Exercise details: Reproduce exactly the lines from the start of the records through the line containing "Vi boede i en", both included. Leave the pictures out.
Provided data Block Start
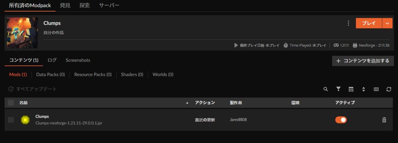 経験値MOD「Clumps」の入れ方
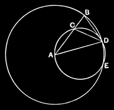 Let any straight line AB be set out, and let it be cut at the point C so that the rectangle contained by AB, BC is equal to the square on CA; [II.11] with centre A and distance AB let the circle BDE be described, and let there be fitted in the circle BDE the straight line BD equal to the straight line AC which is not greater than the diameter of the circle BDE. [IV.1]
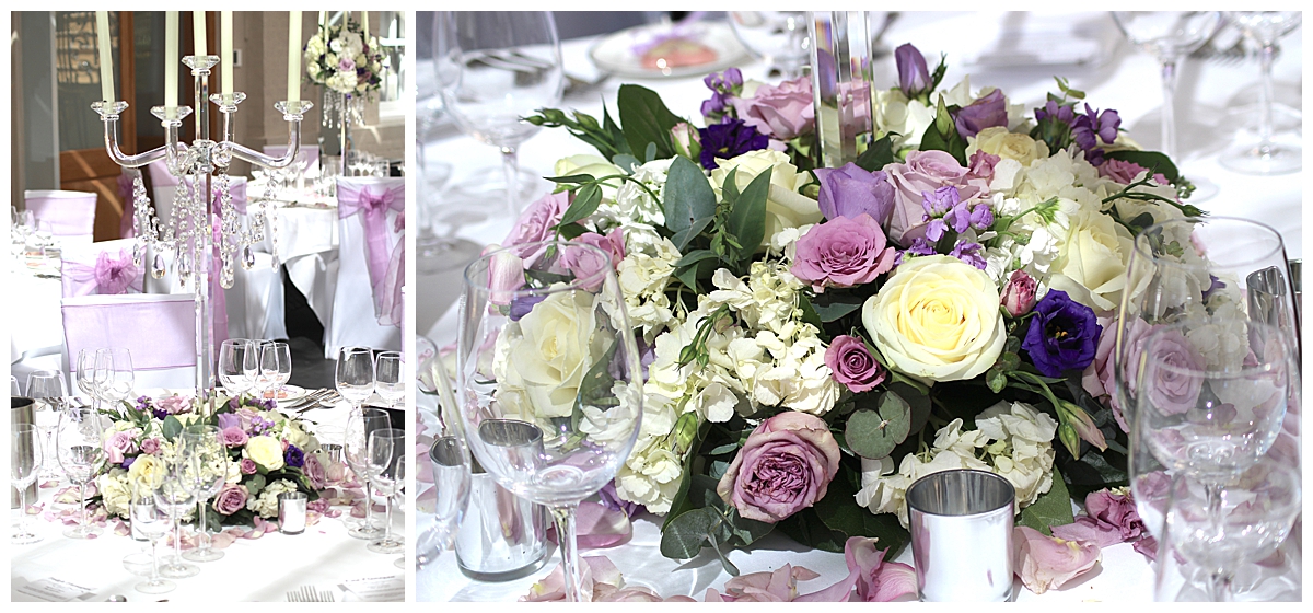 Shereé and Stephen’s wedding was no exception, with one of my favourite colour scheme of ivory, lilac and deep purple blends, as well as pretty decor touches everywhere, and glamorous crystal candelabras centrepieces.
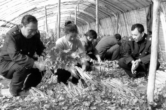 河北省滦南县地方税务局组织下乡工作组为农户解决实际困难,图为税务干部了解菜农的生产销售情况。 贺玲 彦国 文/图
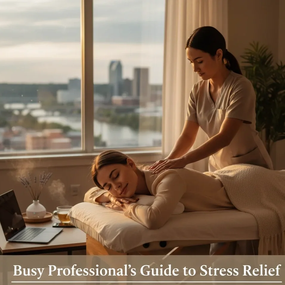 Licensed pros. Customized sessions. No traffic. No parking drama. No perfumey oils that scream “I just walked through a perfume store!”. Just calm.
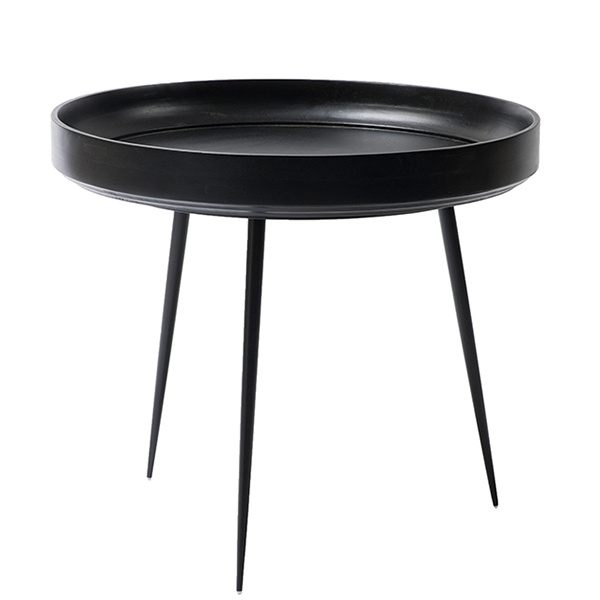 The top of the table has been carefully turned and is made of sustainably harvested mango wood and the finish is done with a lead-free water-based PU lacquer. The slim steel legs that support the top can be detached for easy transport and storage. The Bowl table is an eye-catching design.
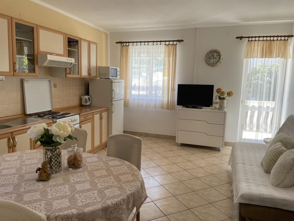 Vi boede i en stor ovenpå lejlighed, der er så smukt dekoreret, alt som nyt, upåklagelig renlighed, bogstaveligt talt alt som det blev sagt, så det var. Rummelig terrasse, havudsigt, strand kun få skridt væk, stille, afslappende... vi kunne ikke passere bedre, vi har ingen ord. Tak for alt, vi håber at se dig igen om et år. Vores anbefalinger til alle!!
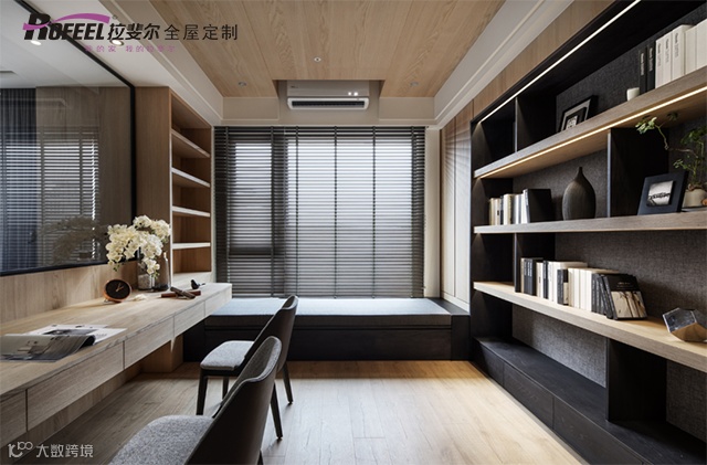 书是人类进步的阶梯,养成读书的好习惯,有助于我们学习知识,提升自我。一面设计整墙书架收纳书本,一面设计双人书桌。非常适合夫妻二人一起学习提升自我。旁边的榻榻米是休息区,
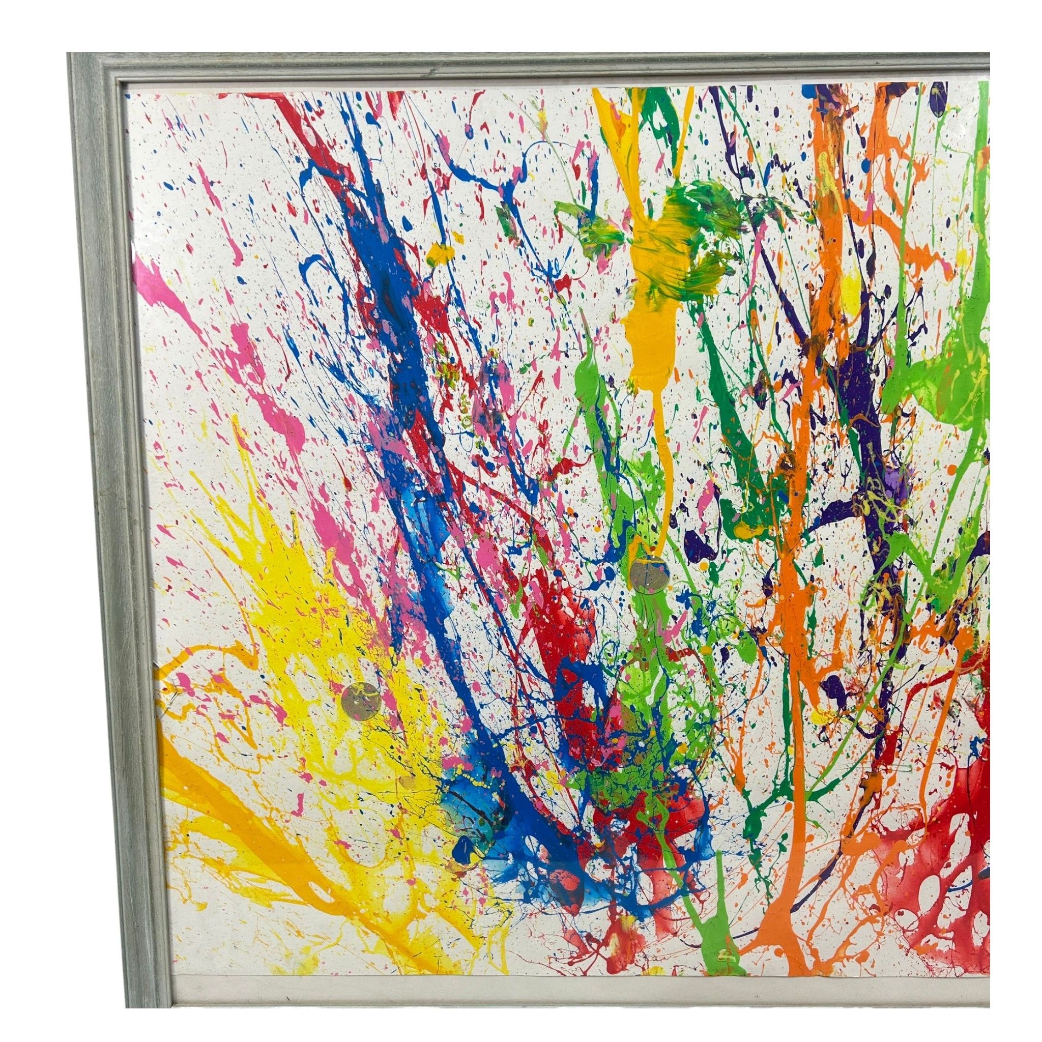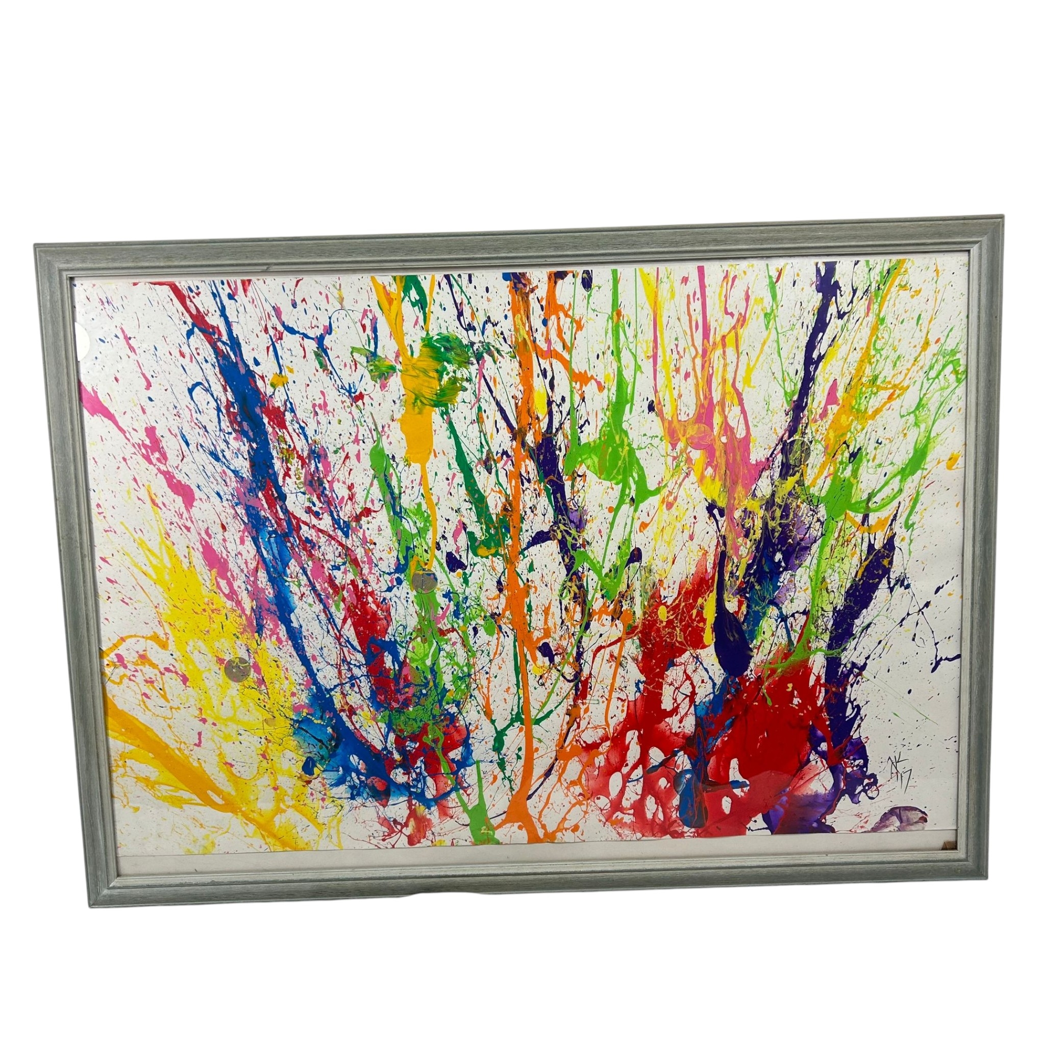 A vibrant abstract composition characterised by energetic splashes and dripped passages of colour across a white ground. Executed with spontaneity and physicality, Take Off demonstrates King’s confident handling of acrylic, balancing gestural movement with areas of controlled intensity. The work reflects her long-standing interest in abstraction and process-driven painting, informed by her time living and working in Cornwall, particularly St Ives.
Provided data Block End
Response area:
 経験値MOD「Clumps」の入れ方
 Let any straight line AB be set out, and let it be cut at the point C so that the rectangle contained by AB, BC is equal to the square on CA; [II.11] with centre A and distance AB let the circle BDE be described, and let there be fitted in the circle BDE the straight line BD equal to the straight line AC which is not greater than the diameter of the circle BDE. [IV.1]
 Shereé and Stephen’s wedding was no exception, with one of my favourite colour scheme of ivory, lilac and deep purple blends, as well as pretty decor touches everywhere, and glamorous crystal candelabras centrepieces.
 河北省滦南县地方税务局组织下乡工作组为农户解决实际困难,图为税务干部了解菜农的生产销售情况。 贺玲 彦国 文/图
 Licensed pros. Customized sessions. No traffic. No parking drama. No perfumey oils that scream “I just walked through a perfume store!”. Just calm.
 The top of the table has been carefully turned and is made of sustainably harvested mango wood and the finish is done with a lead-free water-based PU lacquer. The slim steel legs that support the top can be detached for easy transport and storage. The Bowl table is an eye-catching design.
 Vi boede i en stor ovenpå lejlighed, der er så smukt dekoreret, alt som nyt, upåklagelig renlighed, bogstaveligt talt alt som det blev sagt, så det var. Rummelig terrasse, havudsigt, strand kun få skridt væk, stille, afslappende... vi kunne ikke passere bedre, vi har ingen ord. Tak for alt, vi håber at se dig igen om et år. Vores anbefalinger til alle!!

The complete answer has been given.